Before copying, set the pictures aside; then repeat every line below verbatim.

## AVAILABLE DATA
Content starts

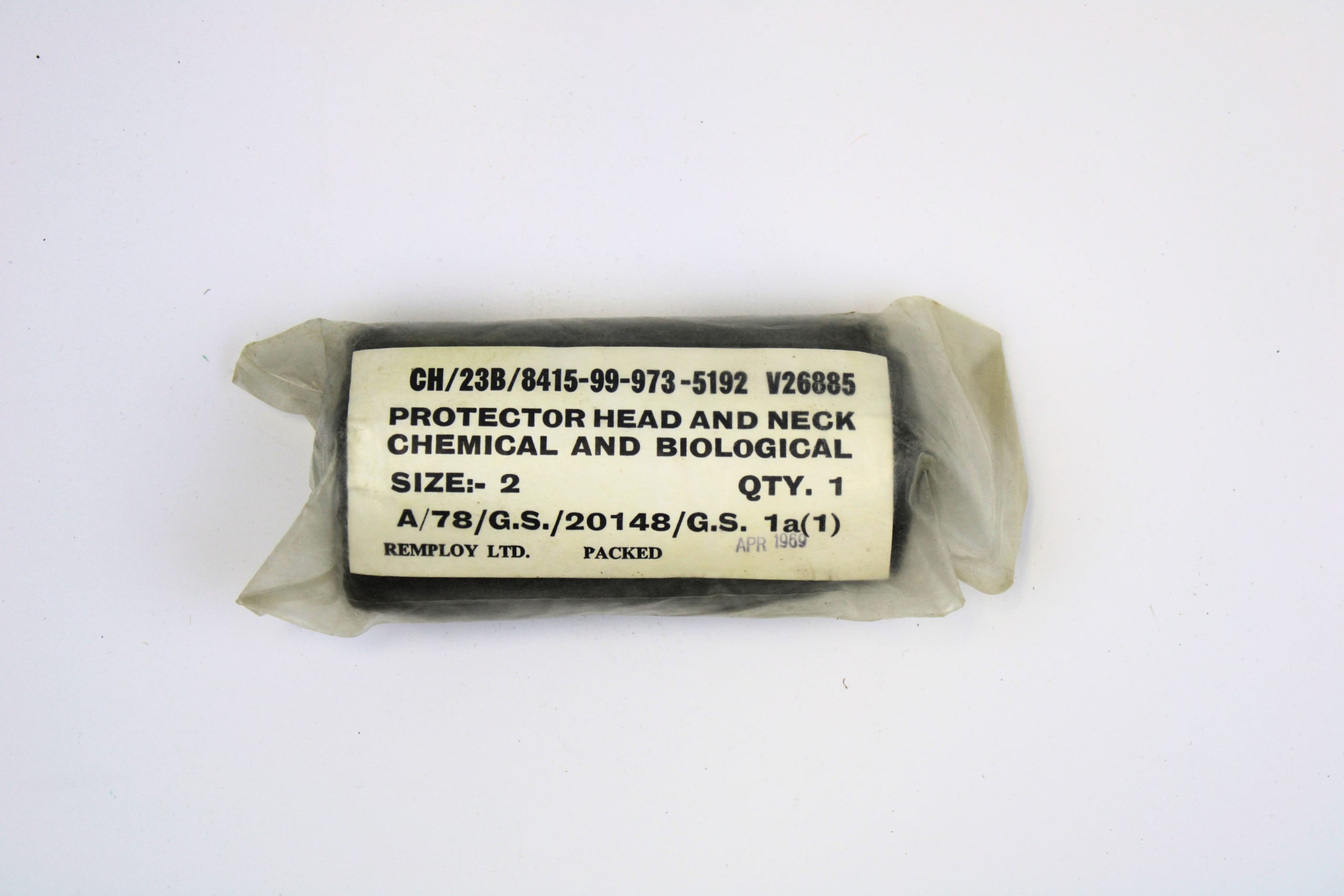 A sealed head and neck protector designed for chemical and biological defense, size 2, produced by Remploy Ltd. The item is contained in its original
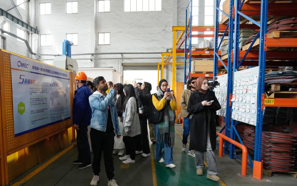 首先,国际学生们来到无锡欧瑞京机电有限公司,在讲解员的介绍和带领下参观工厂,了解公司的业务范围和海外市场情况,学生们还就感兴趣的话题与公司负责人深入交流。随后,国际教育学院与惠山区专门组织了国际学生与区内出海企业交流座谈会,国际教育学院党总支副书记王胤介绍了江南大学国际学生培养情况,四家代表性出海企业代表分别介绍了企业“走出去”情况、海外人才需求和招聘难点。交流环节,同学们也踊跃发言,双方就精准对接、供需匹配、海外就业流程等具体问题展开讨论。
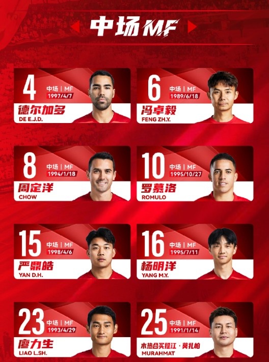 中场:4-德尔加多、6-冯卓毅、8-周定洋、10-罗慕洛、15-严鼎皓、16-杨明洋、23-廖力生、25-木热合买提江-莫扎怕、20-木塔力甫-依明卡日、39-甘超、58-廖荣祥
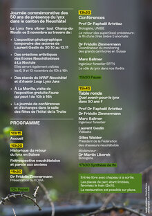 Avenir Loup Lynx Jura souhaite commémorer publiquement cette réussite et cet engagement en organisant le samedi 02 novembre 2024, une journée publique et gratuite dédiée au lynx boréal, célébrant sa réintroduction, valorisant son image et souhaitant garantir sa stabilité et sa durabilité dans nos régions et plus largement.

Content ends

## PROBLEM SOLUTION
 A sealed head and neck protector designed for chemical and biological defense, size 2, produced by Remploy Ltd. The item is contained in its original
 首先,国际学生们来到无锡欧瑞京机电有限公司,在讲解员的介绍和带领下参观工厂,了解公司的业务范围和海外市场情况,学生们还就感兴趣的话题与公司负责人深入交流。随后,国际教育学院与惠山区专门组织了国际学生与区内出海企业交流座谈会,国际教育学院党总支副书记王胤介绍了江南大学国际学生培养情况,四家代表性出海企业代表分别介绍了企业“走出去”情况、海外人才需求和招聘难点。交流环节,同学们也踊跃发言,双方就精准对接、供需匹配、海外就业流程等具体问题展开讨论。
 中场:4-德尔加多、6-冯卓毅、8-周定洋、10-罗慕洛、15-严鼎皓、16-杨明洋、23-廖力生、25-木热合买提江-莫扎怕、20-木塔力甫-依明卡日、39-甘超、58-廖荣祥
 Avenir Loup Lynx Jura souhaite commémorer publiquement cette réussite et cet engagement en organisant le samedi 02 novembre 2024, une journée publique et gratuite dédiée au lynx boréal, célébrant sa réintroduction, valorisant son image et souhaitant garantir sa stabilité et sa durabilité dans nos régions et plus largement.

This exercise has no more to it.